No terror e esplendor da emoção, os três senhores ficaram mais lívidos
do que círios. Depois, mergulhando furiosamente as mãos no oiro,
estalaram a rir, num riso de tão larga rajada, que as folhas dos olmos,
em roda, tremiam...
E de novo recuaram, bruscamente se encararam, com os olhos a flamejar
numa desconfiança tão desabrida, que Guanes e Rostabal apalpavam nos
cintos os cabos das grandes facas...
(Abre-se o pano. Vista de mata, muito agreste. Entram os três irmãos,
trazendo o cofre com as suas três fechaduras. Depõem-no a um dos lados
da cena e ficam-se a olhá-lo. Atravessa a cena uma figura mefistofélica,
em medonhos esgares).
RUI -- Manos! O tesoiro, ou venha de Deus ou do demónio, pertence aos três, e entre nós se repartirá, rigidamente,
pesando-se o oiro em balanças. Mas como poderemos carregar para
Medranhos, para os cimos da serra, este cofre tão cheio?

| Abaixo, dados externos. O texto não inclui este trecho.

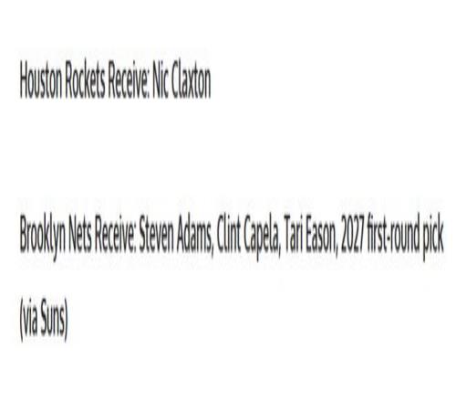 篮网得到:亚当斯+卡佩拉+伊森+27年太阳首轮签。

ROSTABAL -- Nem convém que saiamos da mata, com o nosso
bem, antes de cerrar a escuridão.
RUI -- Por isso, entendo que o mano Guanes, como mais leve, deve trotar
para a vila vizinha de Retortilho, levando já oiro na bolsilha, a
comprar três alforjes de coiro, três maquias de cevada para as éguas,
três empadões de carne e três botelhas de vinho para nós, que já não
comemos desde ontem. (Pausa) Assim refeitos, ensacaremos o oiro nos alforjes e subiremos para Medranhos, sob a segurança da
noite sem lua...
ROSTABAL -- Bem tramado!
GUANES (Desconfiado) -- Manos! O cofre tem três chaves... Eu quero fechar a minha fechadura e levar a minha cbave!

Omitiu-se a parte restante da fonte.